■ Work to complete
For this exercise, return all the data word for word, with images left out.

==== Data supplied

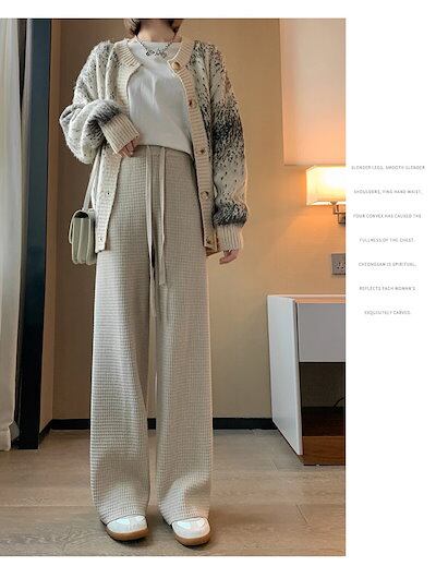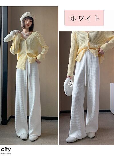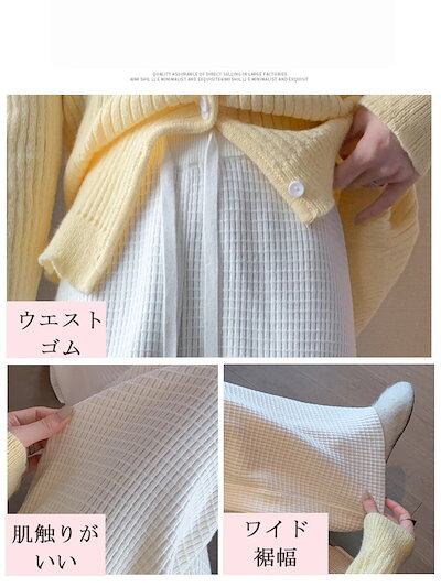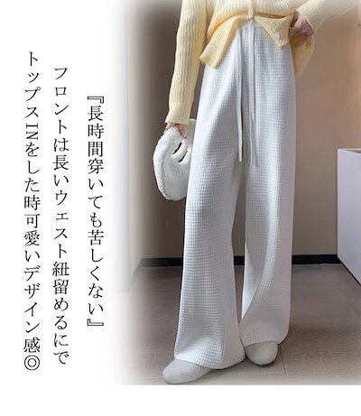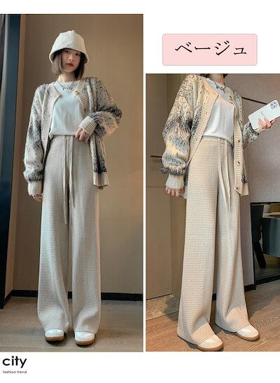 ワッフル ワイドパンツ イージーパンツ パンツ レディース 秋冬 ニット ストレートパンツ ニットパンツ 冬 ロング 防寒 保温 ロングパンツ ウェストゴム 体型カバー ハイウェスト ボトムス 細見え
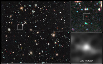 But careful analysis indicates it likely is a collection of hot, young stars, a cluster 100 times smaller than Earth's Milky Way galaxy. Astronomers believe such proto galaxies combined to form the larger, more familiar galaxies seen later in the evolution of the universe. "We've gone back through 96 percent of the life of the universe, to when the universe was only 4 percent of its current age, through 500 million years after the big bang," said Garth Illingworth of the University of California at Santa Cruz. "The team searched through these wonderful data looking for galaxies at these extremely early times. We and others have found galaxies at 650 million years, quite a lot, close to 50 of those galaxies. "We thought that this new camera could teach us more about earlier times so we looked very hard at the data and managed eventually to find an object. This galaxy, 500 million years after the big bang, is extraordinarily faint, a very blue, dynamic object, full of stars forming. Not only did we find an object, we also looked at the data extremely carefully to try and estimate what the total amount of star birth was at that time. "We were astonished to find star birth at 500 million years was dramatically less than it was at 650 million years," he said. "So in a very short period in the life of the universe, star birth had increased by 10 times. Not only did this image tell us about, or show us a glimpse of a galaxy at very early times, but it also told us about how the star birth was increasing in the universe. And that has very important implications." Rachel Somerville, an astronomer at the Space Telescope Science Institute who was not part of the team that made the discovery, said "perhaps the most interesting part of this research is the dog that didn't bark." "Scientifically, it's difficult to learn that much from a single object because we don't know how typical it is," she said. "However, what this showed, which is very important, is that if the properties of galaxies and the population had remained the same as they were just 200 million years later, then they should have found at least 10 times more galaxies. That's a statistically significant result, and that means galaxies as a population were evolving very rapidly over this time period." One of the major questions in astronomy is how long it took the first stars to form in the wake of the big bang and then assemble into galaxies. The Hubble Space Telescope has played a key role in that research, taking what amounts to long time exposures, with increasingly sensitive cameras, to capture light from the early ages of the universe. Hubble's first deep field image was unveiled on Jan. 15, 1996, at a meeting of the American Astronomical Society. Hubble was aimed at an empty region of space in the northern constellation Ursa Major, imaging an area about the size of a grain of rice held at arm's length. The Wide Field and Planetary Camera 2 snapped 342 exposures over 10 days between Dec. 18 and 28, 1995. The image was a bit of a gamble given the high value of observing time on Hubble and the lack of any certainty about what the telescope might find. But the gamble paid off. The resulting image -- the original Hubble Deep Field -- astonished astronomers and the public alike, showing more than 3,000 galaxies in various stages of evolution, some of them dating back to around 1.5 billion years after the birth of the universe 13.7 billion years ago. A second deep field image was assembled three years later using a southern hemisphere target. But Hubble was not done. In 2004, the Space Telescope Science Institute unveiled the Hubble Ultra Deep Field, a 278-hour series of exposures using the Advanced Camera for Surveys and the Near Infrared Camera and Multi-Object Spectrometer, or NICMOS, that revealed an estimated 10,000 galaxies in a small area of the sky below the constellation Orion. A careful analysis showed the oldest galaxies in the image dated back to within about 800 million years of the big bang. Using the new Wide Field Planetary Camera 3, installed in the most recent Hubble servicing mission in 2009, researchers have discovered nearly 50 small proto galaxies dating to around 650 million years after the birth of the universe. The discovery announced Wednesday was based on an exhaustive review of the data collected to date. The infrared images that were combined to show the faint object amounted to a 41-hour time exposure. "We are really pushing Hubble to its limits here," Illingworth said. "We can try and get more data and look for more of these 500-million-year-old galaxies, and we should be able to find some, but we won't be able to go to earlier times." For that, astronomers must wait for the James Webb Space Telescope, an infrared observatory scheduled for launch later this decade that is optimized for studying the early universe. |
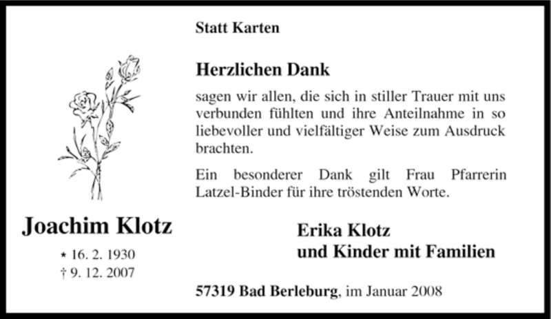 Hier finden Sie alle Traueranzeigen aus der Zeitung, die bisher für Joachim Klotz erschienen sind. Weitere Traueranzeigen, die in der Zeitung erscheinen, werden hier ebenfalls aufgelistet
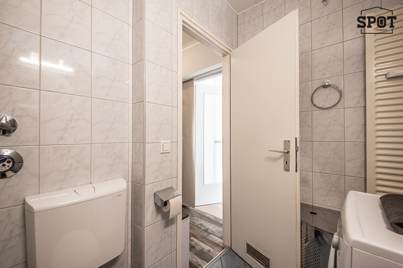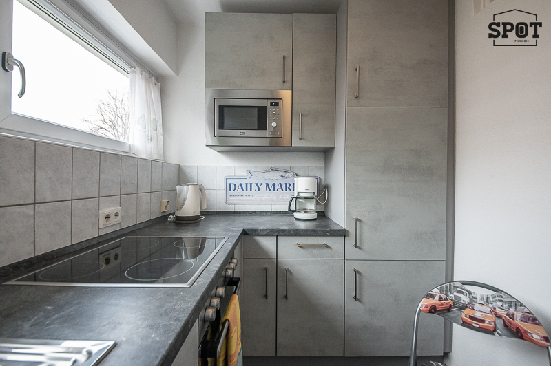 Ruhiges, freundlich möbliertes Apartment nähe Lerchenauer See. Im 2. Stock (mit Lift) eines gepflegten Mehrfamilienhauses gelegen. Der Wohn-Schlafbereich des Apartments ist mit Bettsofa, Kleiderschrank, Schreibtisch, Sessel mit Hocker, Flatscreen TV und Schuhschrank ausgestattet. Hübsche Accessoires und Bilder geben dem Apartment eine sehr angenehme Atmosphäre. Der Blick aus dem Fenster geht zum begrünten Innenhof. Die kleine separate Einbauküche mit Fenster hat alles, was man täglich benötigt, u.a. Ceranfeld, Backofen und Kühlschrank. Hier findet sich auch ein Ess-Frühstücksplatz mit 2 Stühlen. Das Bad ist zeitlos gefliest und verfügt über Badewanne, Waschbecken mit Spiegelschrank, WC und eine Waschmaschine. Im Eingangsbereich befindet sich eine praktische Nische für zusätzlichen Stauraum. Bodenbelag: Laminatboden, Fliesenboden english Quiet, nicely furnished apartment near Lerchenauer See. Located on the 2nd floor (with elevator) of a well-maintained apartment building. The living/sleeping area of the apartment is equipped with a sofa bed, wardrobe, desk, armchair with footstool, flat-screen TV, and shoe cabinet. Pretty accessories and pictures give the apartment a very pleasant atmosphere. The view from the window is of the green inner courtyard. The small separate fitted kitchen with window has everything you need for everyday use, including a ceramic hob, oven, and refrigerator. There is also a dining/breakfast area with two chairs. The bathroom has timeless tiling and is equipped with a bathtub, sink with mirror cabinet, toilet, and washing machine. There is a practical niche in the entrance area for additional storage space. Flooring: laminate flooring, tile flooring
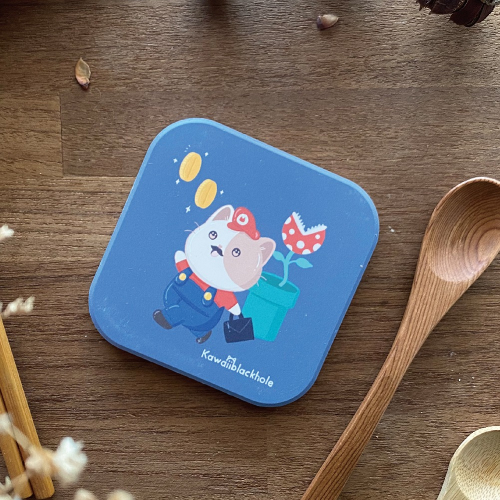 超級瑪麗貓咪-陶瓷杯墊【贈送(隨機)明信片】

========

■ Answer to the problem
 ワッフル ワイドパンツ イージーパンツ パンツ レディース 秋冬 ニット ストレートパンツ ニットパンツ 冬 ロング 防寒 保温 ロングパンツ ウェストゴム 体型カバー ハイウェスト ボトムス 細見え
 But careful analysis indicates it likely is a collection of hot, young stars, a cluster 100 times smaller than Earth's Milky Way galaxy. Astronomers believe such proto galaxies combined to form the larger, more familiar galaxies seen later in the evolution of the universe. "We've gone back through 96 percent of the life of the universe, to when the universe was only 4 percent of its current age, through 500 million years after the big bang," said Garth Illingworth of the University of California at Santa Cruz. "The team searched through these wonderful data looking for galaxies at these extremely early times. We and others have found galaxies at 650 million years, quite a lot, close to 50 of those galaxies. "We thought that this new camera could teach us more about earlier times so we looked very hard at the data and managed eventually to find an object. This galaxy, 500 million years after the big bang, is extraordinarily faint, a very blue, dynamic object, full of stars forming. Not only did we find an object, we also looked at the data extremely carefully to try and estimate what the total amount of star birth was at that time. "We were astonished to find star birth at 500 million years was dramatically less than it was at 650 million years," he said. "So in a very short period in the life of the universe, star birth had increased by 10 times. Not only did this image tell us about, or show us a glimpse of a galaxy at very early times, but it also told us about how the star birth was increasing in the universe. And that has very important implications." Rachel Somerville, an astronomer at the Space Telescope Science Institute who was not part of the team that made the discovery, said "perhaps the most interesting part of this research is the dog that didn't bark." "Scientifically, it's difficult to learn that much from a single object because we don't know how typical it is," she said. "However, what this showed, which is very important, is that if the properties of galaxies and the population had remained the same as they were just 200 million years later, then they should have found at least 10 times more galaxies. That's a statistically significant result, and that means galaxies as a population were evolving very rapidly over this time period." One of the major questions in astronomy is how long it took the first stars to form in the wake of the big bang and then assemble into galaxies. The Hubble Space Telescope has played a key role in that research, taking what amounts to long time exposures, with increasingly sensitive cameras, to capture light from the early ages of the universe. Hubble's first deep field image was unveiled on Jan. 15, 1996, at a meeting of the American Astronomical Society. Hubble was aimed at an empty region of space in the northern constellation Ursa Major, imaging an area about the size of a grain of rice held at arm's length. The Wide Field and Planetary Camera 2 snapped 342 exposures over 10 days between Dec. 18 and 28, 1995. The image was a bit of a gamble given the high value of observing time on Hubble and the lack of any certainty about what the telescope might find. But the gamble paid off. The resulting image -- the original Hubble Deep Field -- astonished astronomers and the public alike, showing more than 3,000 galaxies in various stages of evolution, some of them dating back to around 1.5 billion years after the birth of the universe 13.7 billion years ago. A second deep field image was assembled three years later using a southern hemisphere target. But Hubble was not done. In 2004, the Space Telescope Science Institute unveiled the Hubble Ultra Deep Field, a 278-hour series of exposures using the Advanced Camera for Surveys and the Near Infrared Camera and Multi-Object Spectrometer, or NICMOS, that revealed an estimated 10,000 galaxies in a small area of the sky below the constellation Orion. A careful analysis showed the oldest galaxies in the image dated back to within about 800 million years of the big bang. Using the new Wide Field Planetary Camera 3, installed in the most recent Hubble servicing mission in 2009, researchers have discovered nearly 50 small proto galaxies dating to around 650 million years after the birth of the universe. The discovery announced Wednesday was based on an exhaustive review of the data collected to date. The infrared images that were combined to show the faint object amounted to a 41-hour time exposure. "We are really pushing Hubble to its limits here," Illingworth said. "We can try and get more data and look for more of these 500-million-year-old galaxies, and we should be able to find some, but we won't be able to go to earlier times." For that, astronomers must wait for the James Webb Space Telescope, an infrared observatory scheduled for launch later this decade that is optimized for studying the early universe. |
 Hier finden Sie alle Traueranzeigen aus der Zeitung, die bisher für Joachim Klotz erschienen sind. Weitere Traueranzeigen, die in der Zeitung erscheinen, werden hier ebenfalls aufgelistet
 Ruhiges, freundlich möbliertes Apartment nähe Lerchenauer See. Im 2. Stock (mit Lift) eines gepflegten Mehrfamilienhauses gelegen. Der Wohn-Schlafbereich des Apartments ist mit Bettsofa, Kleiderschrank, Schreibtisch, Sessel mit Hocker, Flatscreen TV und Schuhschrank ausgestattet. Hübsche Accessoires und Bilder geben dem Apartment eine sehr angenehme Atmosphäre. Der Blick aus dem Fenster geht zum begrünten Innenhof. Die kleine separate Einbauküche mit Fenster hat alles, was man täglich benötigt, u.a. Ceranfeld, Backofen und Kühlschrank. Hier findet sich auch ein Ess-Frühstücksplatz mit 2 Stühlen. Das Bad ist zeitlos gefliest und verfügt über Badewanne, Waschbecken mit Spiegelschrank, WC und eine Waschmaschine. Im Eingangsbereich befindet sich eine praktische Nische für zusätzlichen Stauraum. Bodenbelag: Laminatboden, Fliesenboden english Quiet, nicely furnished apartment near Lerchenauer See. Located on the 2nd floor (with elevator) of a well-maintained apartment building. The living/sleeping area of the apartment is equipped with a sofa bed, wardrobe, desk, armchair with footstool, flat-screen TV, and shoe cabinet. Pretty accessories and pictures give the apartment a very pleasant atmosphere. The view from the window is of the green inner courtyard. The small separate fitted kitchen with window has everything you need for everyday use, including a ceramic hob, oven, and refrigerator. There is also a dining/breakfast area with two chairs. The bathroom has timeless tiling and is equipped with a bathtub, sink with mirror cabinet, toilet, and washing machine. There is a practical niche in the entrance area for additional storage space. Flooring: laminate flooring, tile flooring
 超級瑪麗貓咪-陶瓷杯墊【贈送(隨機)明信片】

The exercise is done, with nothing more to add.